Elegant schema to log users' actions
I have a database schema to log operations users perform in my webapp:
Log
---
Id
Log_Type_Id
Performed_by_Person_Id
Performed_to_Person_Id
Comment_I开发者_开发百科d
Story_Id
Photo_Id
etc_Id
Person_Log
----------
Person_Id
Log_Id
This way I can notify users of entries in their log with details about what exactly happened. The problem is the Log table has to contain every possible type of user operation (they modified a story or comment, created a story or comment or photo, updated a profile, etc). And almost all of those fields will necessarily be null for each entry.
Ideally I have individual Log tables that the overall Log refers to, maybe something like:
Log
---
Id
Performed_by_Person_Id
Log_Comment
-----------
Id
Log_Id
Comment_Id
Log_Photo
---------
Id
Log_Id
Photo_Id
Person_Log
----------
Person_Id
Log_Id
The problem there is that I then don't have an easy way to notify users of things going on pertaining to them. I easily get the log entry for them, but then I have to query each "child" table to see the specifics... I can store the name of the child Log table in Log, but that seems so inelegant. Is there a better, more relational, way of doing this that also works well with ORM systems?
Your case looks like an instance of the Gen-Spec design pattern. Gen-spec is familiar to object oriented programmers through the superclass-subclass hierarchy. Unfortunately, introductions to relational database design tend to skip over how to design tables for the Gen-Spec situation. Fortunately, it’s well understood. A google search on “Relational database generalization specialization” will yield several articles on the subject. Or you can look at the following previous discussion.
The trick is in the way the PK for the subclass (specialized) tables gets assigned. It’s not generated by some sort of autonumber feature. Instead, it’s a copy of the PK in the superclass (generalized) table, and is therefore an FK reference to it.
Thus, if the case were vehicles, trucks and sedans, every truck or sedan would have an entry in the vehicles table, trucks would also have an entry in the trucks table, with a PK that’s a copy of the corresponding PK in the vehicles table. Similarly for sedans. It’s easy to figure out whether a vehicle is a truck or a sedan by just doing joins, and you usually want to join the data in that kind of query anyway.
This would be a good point to introduce a generic data model, or perhaps at least a generic type system across your data model. The concept is that everything has an entry, even actions, people, pages, processes and so forth.
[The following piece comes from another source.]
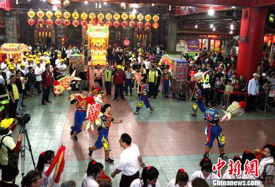 2月24日晚,高雄意誠堂關帝廟年度傳統(tǒng)乞龜活動盛大舉行。圖為民俗表演。黃少華 攝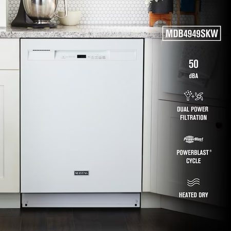 Maytag Front Control 24-in Built-In Dishwasher (White), 50-dBA

When that's in place, you need a generic way of creating arbitrary relations between these entities making it linking between them is fairly easy. Your question is one of those example of why I promote a more generic data model rather than the super-normalized ones we usually use.
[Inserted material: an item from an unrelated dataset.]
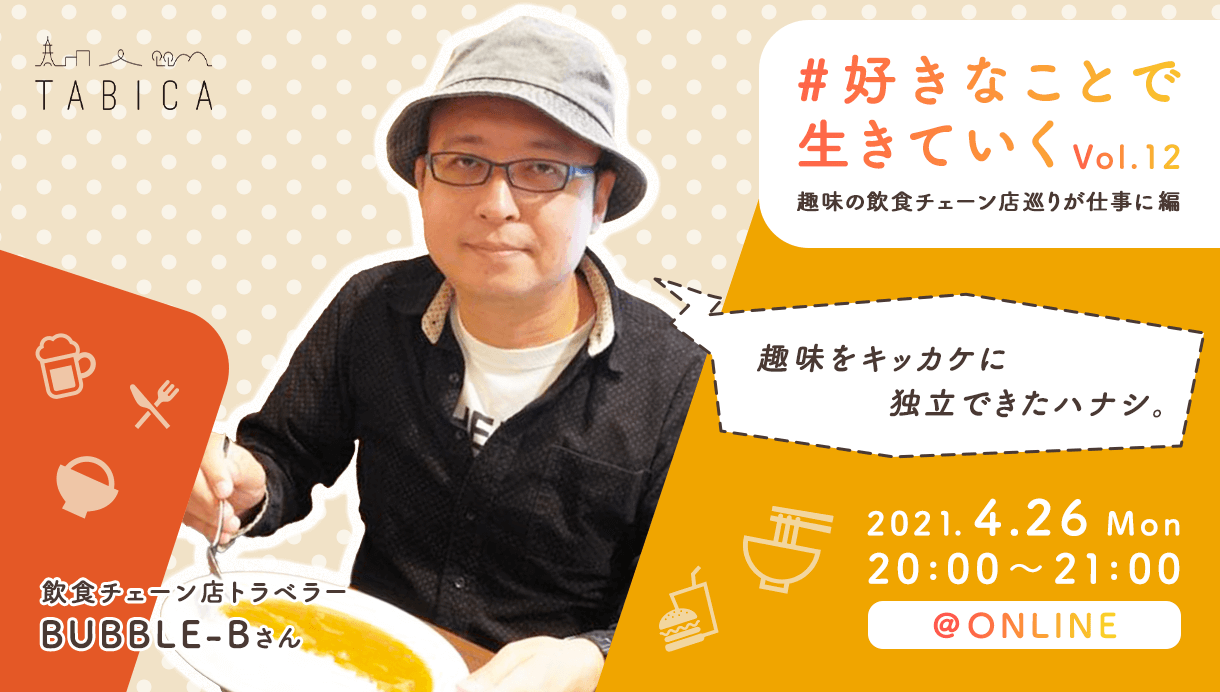 ※定員に達し次第、締め切りますのでご了承ください。▼こんなイベントですこのイベントは #好きなことで生きていく を地でいく強者を登壇者にお迎えし、その人の"好き"や"生き方"を一緒に楽しむ、TABICA主催のシリーズイベントです!今回第12回目は、チェーン店トラベラーのBUBBLE-B(バブルビー)さんをお招きし、「趣味がきっかけで仕事をもらい、独立するきっかけになったハナシ」をお伺いしていきます!世の中に溢れどこでも同じ品質のサービスを受けることのできる飲食チェーンですが、BUBBLE-Bさんは「魅力のかたまり」だと話します。全国の本店や1号店を旅するBUBBLE-Bさんが伝える、チェーン店の楽しみ方を知る旅に出発しましょう!!また、趣味であった飲食チェーン店巡りがきっかけで、会社員から独立することができたお話も深掘りします。趣味をどう仕事につなげたらいいのか悩んでいる方の参考になること間違いなしです!!▼メッセージ皆さんが好きなチェーン店はどこですか?そこでは何を食べますか?美味しいと感じる時はどんな時ですか?そして、チェーン店に行くために飛行機に乗ったことはありますか?そんな話ができればと思います。よろしくお願いします!▼登壇者天下一品総本店のスープの味が切っ掛けで、全国のチェーン店本店や1号店を巡り歩くことがライフワークとなり、47都道府県400店舗にも及ぶ探訪が現役続行中。現在は飲食店の魅力を発掘して広めるPRを本業としている。大和書房より「本店巡礼」を刊行。イベントに参加された方には、TABICAでご自身の体験をつくられる際にもご活用いただけるシートと、体験づくりに関して無料でTABICA運営事務局に質問ができる相談会のご案内をお送りします!▼こんな人におすすめ・チェーン店の楽しみ方について知りたい!・趣味を仕事につなげる方法を知りたい!・登壇者と直接話してみたい!相談したい!・なんとなくおもしろそう!※どんな方でも大歓迎です!^^▼当日の流れ※質問やコメントに答えながらの双方向のイベントとなっております。・登壇者の自己紹介・チェーン店トラベラーになった経緯、面白かった体験談など・好きな物を突き詰めた結果独立できた理由や方法、心構えについて・気軽に聞いてみよう!質問コーナー・みんなで写真撮影して、解散!※内容は変更になる場合があります※撮影した写真はSNS等で使用させていただきます(顔出しが気になる方は写真撮影の際にバーチャル顔フィルターにしていただくか、カメラをオフにしていただいて構いません)▼開催場所Zoomによるオンラインでの開催!▼参加費1000円※登壇者への登壇料の支払いに使用させていただきます▼参加の仕方TABICAではホストとゲストのコミュニケーションを大事にしておりますため、イベント中はカメラオンでの参加をお願いしております!Zoomの機能にバーチャル顔フィルターなどもありますので気になる方はぜひご活用ください!▼当日利用するツールZoom(ズーム)について参加される皆様に、事前にZoomのご用意をお願いしております。(1)オンライン会議アプリZoom(ズーム)とは米国に本社を置くオンライン会議サービスです。日本でも多くの企業が利用しています。オンラインセミナーでも利用が多く、ゲストは事前登録なく参加することができます。ツールは日本語対応していますのご安心ください。ツールは無料で利用できます。(2)Zoom(ズーム)のダウンロードリンクについてパソコン(PC/Mac)の場合https://zoom.us/download#client_4meeting「ミーティング用Zoomクライアント」をダウンロードしてください。パソコンの場合はアプリのインストールをしなくてもブラウザのみでも参加ができます。iOSアプリ(iPhone/iPad):AppStorehttps://apps.apple.com/us/app/id546505307Androidアプリの場合:GooglePlayhttps://play.google.com/store/apps/details?id=us.zoom.videomeetings

The model I use the most is Topic Maps (even though that information may not be the easiest to use to understand what I'm talking about), where instead of having a table for each entity, there's one that holds all, and a few extra to deal with typification and relationships between them. You don't have to go all the way with this, but perhaps use it for your use case specifically. Here's an article I wrote about it almost 10 years ago, and another one by Marc de Graauw that deals with a specific RDBMS view on it, as well.
Back to your question. An example using Topic Maps needs first the tables ;
Topic
-----
id
name
type
meta_date_created
meta_date_created_topic_ref
meta_date_updated
meta_date_updated_topic_ref
meta_date_deleted
meta_date_deleted_topic_ref
Assoc (relationship)
--------------------
id
type
Assoc member
------------
id
topic_ref
role_topic_ref
This will give you the basics (but there's tons of stuff to extend and implement if you want to go full monty, like support for multiple types, persistent identification, ontology grouping, and on and on which is also part of Topic Maps), and give you the meta_* fields as handy short-cuts if that's really all you want (they're good for fast searching :).
Each person will have an entry in 'Topic', example ;
id: 4572349857
name: Alexander Johannesen
type: 12341234
meta_date_create: {date}
meta_date_create_topic_ref: 5656
In order to find out who created this user, look in 'Topic' for id '5656' ;
id: 5656
name: Billy Bob
type: 12341234
What's that type, though? Look in 'Topic' for id '12341234' ;
id: 12341234
name: Person
The conceptual underpinning here is that each 'thing' (deliberately vague; it could be anything you want to talk about) in your system gets an entry, including actions ;
id: 34598067
name: Add new user
type: 56987 // another topic called 'Action', for example)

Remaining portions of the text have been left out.